Clark County District Attorney David Roger, who's retiring in a few days, finds it necessary to waste tax dollars on a nonsense matter to settle a personal grudge with a Family Court judge? Really? ("Judge, lawyer to face probe," Saturday Review-Journal.)

I am appalled my tax dollars are being spent on his grudge. I realize Mr. Roger has nothing to lose and no one to answer to. However, this is just petty vindictiveness, in my opinion. I do not know if Judge Steven Jones and prosecutor Lisa Willardson lied about the start of their dating relationship. I do not care. It is so petty I cannot believe I read about it every day in the newspaper.

I was a legal assistant in this town for 25 years. In each and every case, someone lied in sworn affidavits. Sometimes the lies were subtle. Sometimes they were real whoppers with huge consequences to the opposing side. Often the consequences were visited upon innocent children in Family Court matters.

Off the top of my head, in 2005, a man told Family Court Judge Cheryl Moss the guns in his home had been secured. They weren't, and directly or indirectly, that led to the death of the litigants' son. No perjury prosecution for that party. He pleaded guilty to child endangerment.

Many litigants wanted to see perjury prosecutions. Guess what? They got nowhere. The average taxpaying Joe got no relief.

So what is the big deal? Ms. Willardson has been fired and is no longer practicing before the judge. End of conflict. Problem solved. No need to waste money and resources on overkill because of bruised egos.

Paula Herwig

Las Vegas

Not like pigs

To the editor:

In response to James Thomson's Thursday letter to the editor, in which he asserts that America's wild horses are "just like pigs," I'd like to point out that horses are believed to have originated in North America. There are cave drawings in the Rocky Mountains and in the Great Basin of horses.
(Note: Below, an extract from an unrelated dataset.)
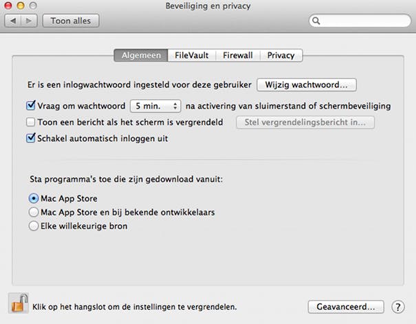 Wil je exotische apps van onbekende ontwikkelaars kunnen openen? Kies dan voor de optie Elke willekeurige bron. Let op, door deze optie te kiezen schakel je Gatekeeper eigenlijk volledig uit en moet je dus zelf goed op letten dat je alleen veilige software opent. Voordat je de instellingen kunt wijzigen moet je eerst op het slotje in de linkeronderhoek van het venster klikken en je wachtwoord invoeren.
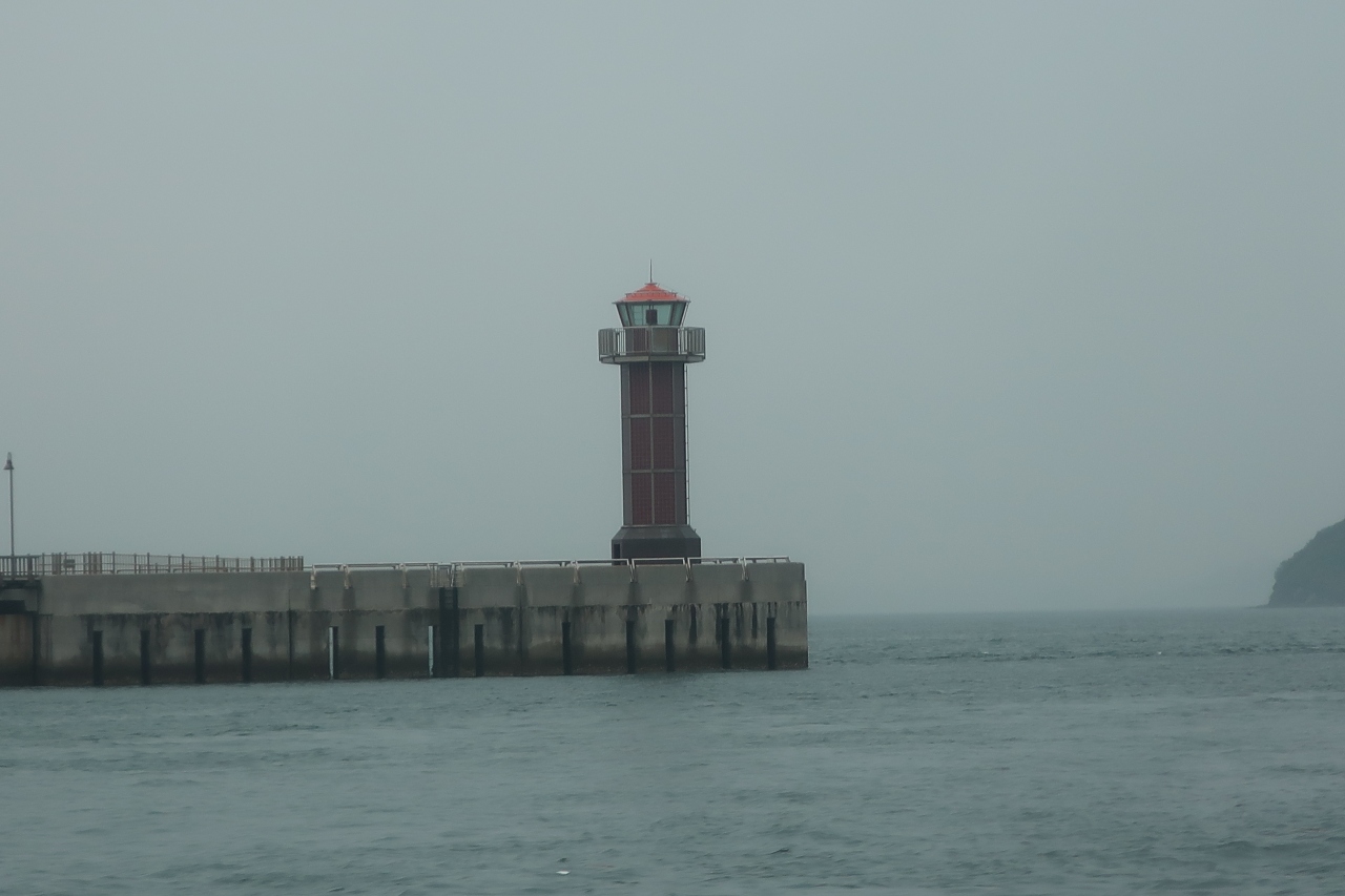 高松港から北東に伸びる玉藻防波堤の先端にある赤い灯台です。小豆島に渡る船に乗船すると高松港の外海にでる際に左手に見ることが出来ます。全面ガラスの壁面で造られた灯台は他では見たことがない灯台ですが、昼間に見るとブイを防波堤に乗せたかのように見えます。夜見ると全体が赤く輝いて綺麗なのでしょうが、昼見るとあんまりです。

Horses returned to the Americas in the 1600s with the Spanish. Horses are part of American Indian heritage. And horses do not do "billions of dollars in property damage," as pigs do, according to Mr. Thomson.

The costs of caring for wild horses are paid for by not only the general public, but also by sponsoring private citizens.

A few questions for you, Mr. Thomson: What "native wildlife species" do horses threaten? And just how do horses "threaten" the natural environment? Furthermore, if indeed true, how has "poisoning rivers and lakes and burning millions of acres of land" to eradicate invasive species -- a category in which you include wild horses -- had a positive effect on any wildlife?

Connie Brady

Las Vegas

The party of hate

To the editor:

If you are making between $40,000 and $60,000 a year, you are considered middle-class. If you are making $20,000 to $30,000 a year, you are the working poor. The middle class make up the whole of America. They are the ones who drive our economy.

When congressional Republicans return from vacation, they will again use the middle class as a political tool. But I have to hand it to the Republicans -- never have I ever seen a political party so out of touch with reality. They oppose every Obama administration proposal even though doing so has also hurt their own states.

With the approval rating of Congress around 8 percent, Republicans will learn in next year's election that the people are not stupid enough to vote for just anyone. The people want somebody with some sense, and that is President Obama.

Michelle Bracey

Henderson

Vote them out? And then?

To the editor:

What can we do once the realization sinks in that Congress has actually reduced funding for our formerly stable Social Security system and funded a hodgepodge of programs without a tax increase to pay for them?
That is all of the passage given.